Aleksandr, I don’t know how we handle this, if we take this raised hand from Jorn. Or move on.

>> MODERATOR: Jorn, if you want to comment quickly because we have little time. We do not hear you, unfortunately.

>> Jörn Erbguth: I was not able to unmute before. I wanted to say bias is not just introduced by external factors, but bias is inherent to deep learns or machine learning. It is the prior message where you talk about the instruction of bias.

>> MODERATOR: I see your point. I don’t think it is like a common consensus on that. So I would leave that out of like the session messages, but I get your point. Thank you.

>> Jörn Erbguth: Okay. It is up to you.

>> Katharina Höne: Regarding self-regulation. A number of technological companies have self-regulation mechanisms in place at various levels. Self-regulation of the private sector is important but ultimately not enough. Various regulatory efforts need to be complemented each other and greater cooperation between various stakeholders to create synergies. Okay, the next one.

Equality and fairness are values that have strong cultural connotations. They are important principles to address bias. Yet it is not easy to find an intercultural agreement on some aspects of the principles. Addressing this algorithmic bias also needs to be included to discussion on what kind of society we want to live in, in the future.

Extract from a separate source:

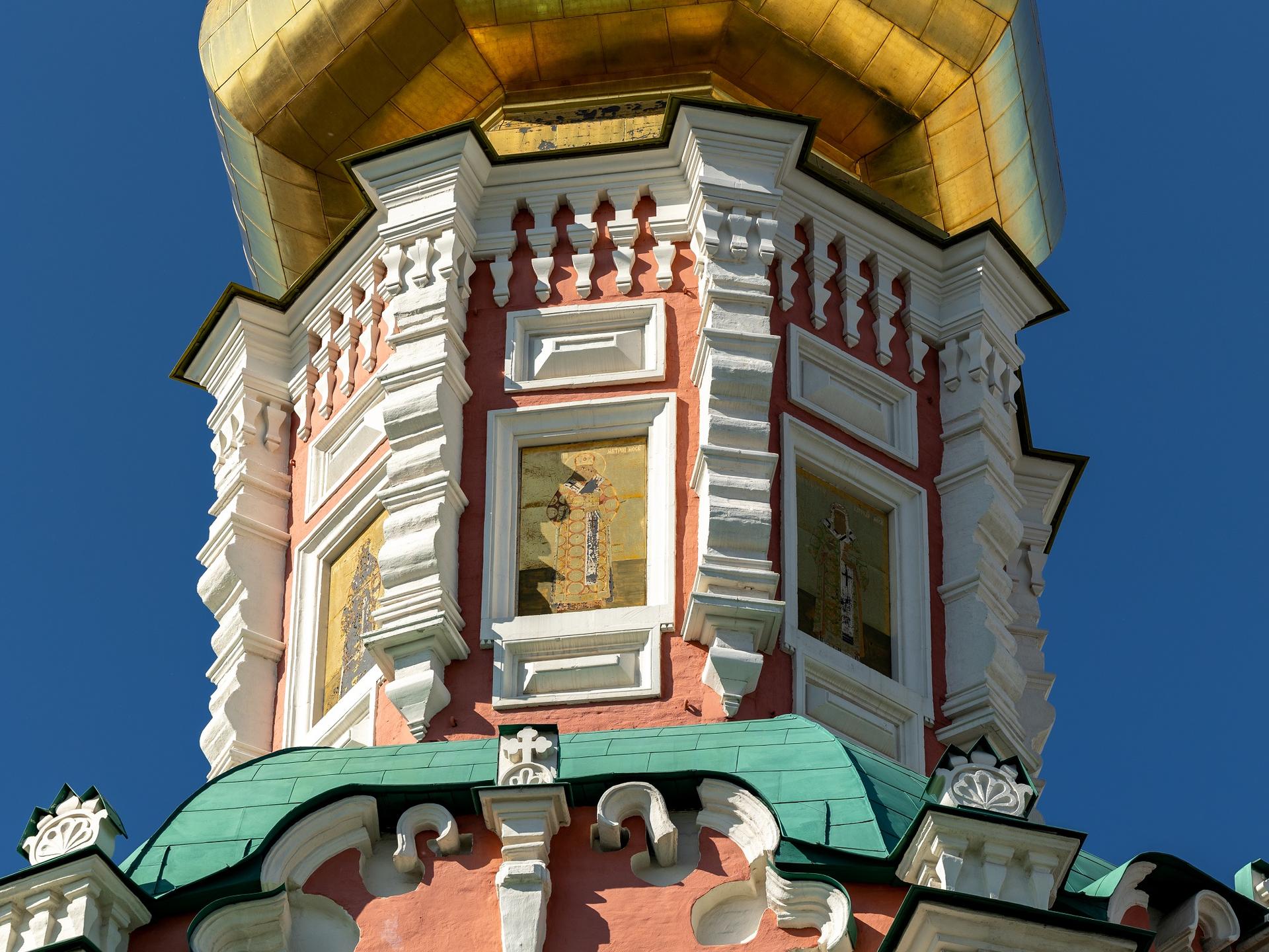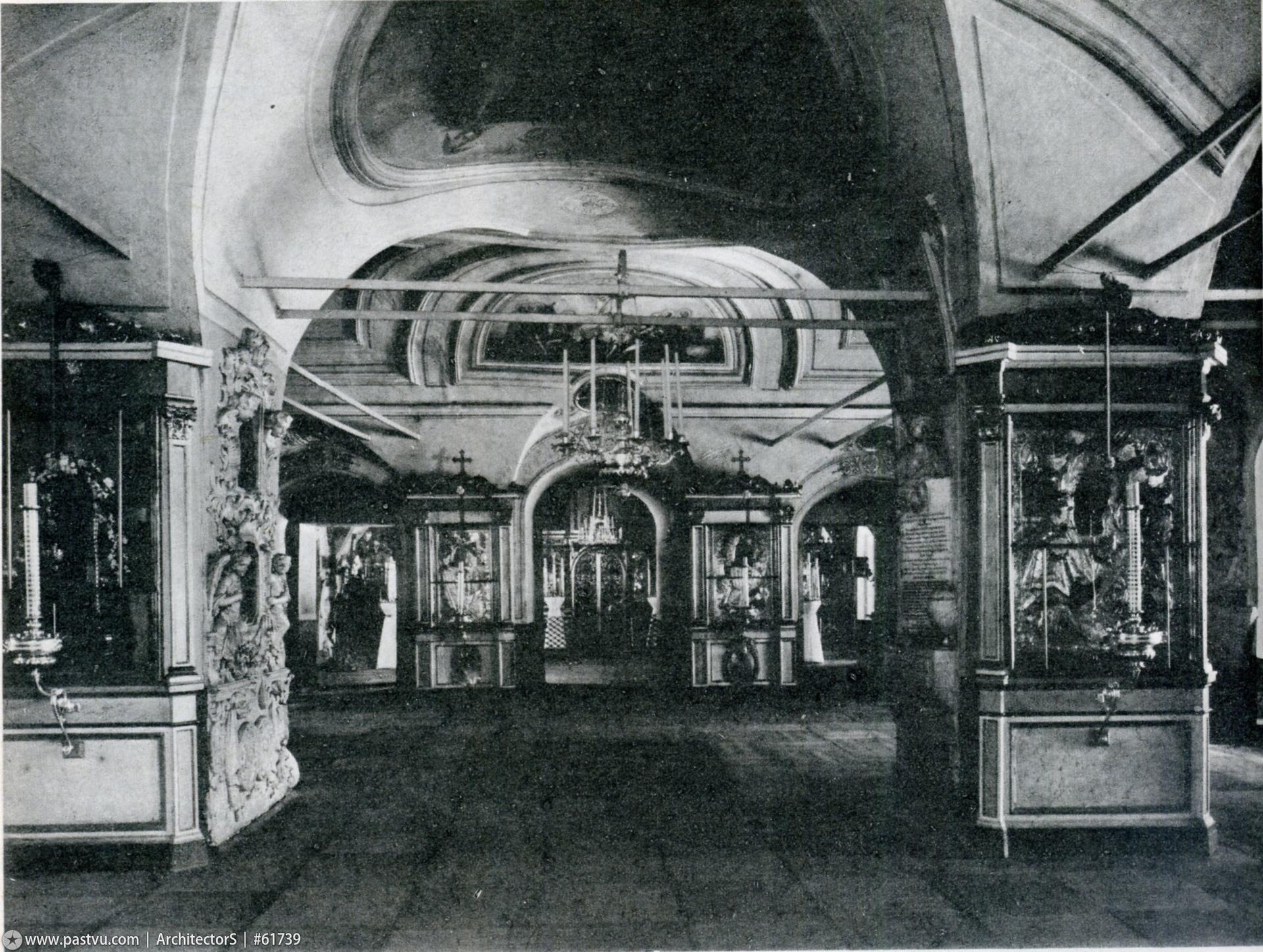 В нижнем храме, освященном во имя Казанской иконы Божией Матери, ранее находился обширный некрополь: здесь располагались усыпальницы самых знатных родов России – Голицыных, Шереметевых, Долгоруковых, Салтыковых и многих других. Собор сильно пострадал во время пожара 1812 года: от взрыва, произошедшего в Кремле, в здании лопнули железные связи, вылетели стекла и рамы, крест на колокольне согнуло пополам. В течение следующих нескольких лет здание было приведено в порядок.
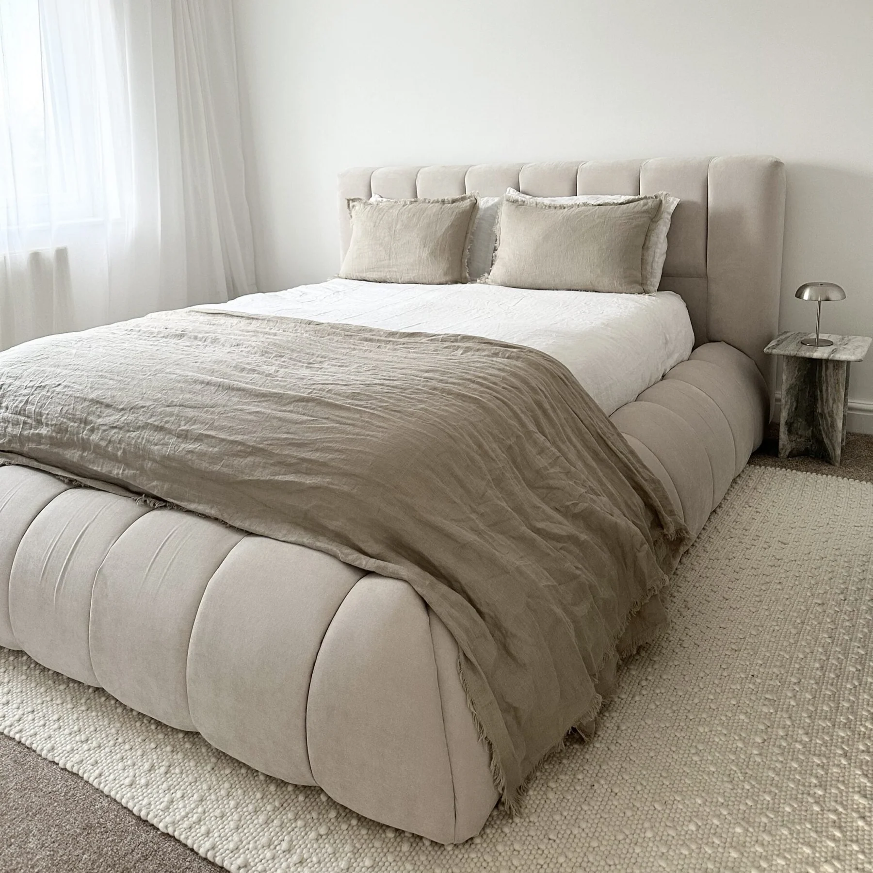 The Cloud Bed Bedframe showcases sweeping individually upholstered panels with a subtle border, creating a flawless contemporary appearance. The side rails are generously padded and stand taller than standard frames. The bed is completed with a matching paneled footboard.

I will stop sharing my screen. The question, do we have a rough consensus on the messages? As I said, you will have the opportunity to shape them up a bit more later, if you want to take care of some small details. If that is all, I hand back to Aleksandr and thank you for a great discussion. It was a pleasure to listen to all of you.

>> MODERATOR: Thank you, Katharina Höne for this well-done summary. I think, yeah, if anyone has any final remarks, maybe you just for a few seconds, like Daniel, Zoltan, Hiromi Arai, Karthikeyan, Ekaterina, otherwise, we can wrap up.

>> Zoltan Turbék: May I add something?

>> MODERATOR: Please.

>> Zoltan Turbék: I was happy we had a diverse group on this panel. I think talking to each other, you know, from the technical communities and all the communities, policymakers, NGO, it is important. I have to understand technical aspects, and the technical people need to be aware of the legal implications, value aspects, human rights aspects. Thank you for organizing this.

>> MODERATOR: Thank you very much. Thank you, Zoltan.

So I think that wraps up our session and I would return the floor to studio host in Belgrade.

>> STUDIO: Hi, everyone. Obviously, we had a great discussion not only in audio but also in the chat. However, this is not the end of this day. We have a closing session as well. Thank you, Katharina Höne for wrapping up everything. I hope we will see each other soon.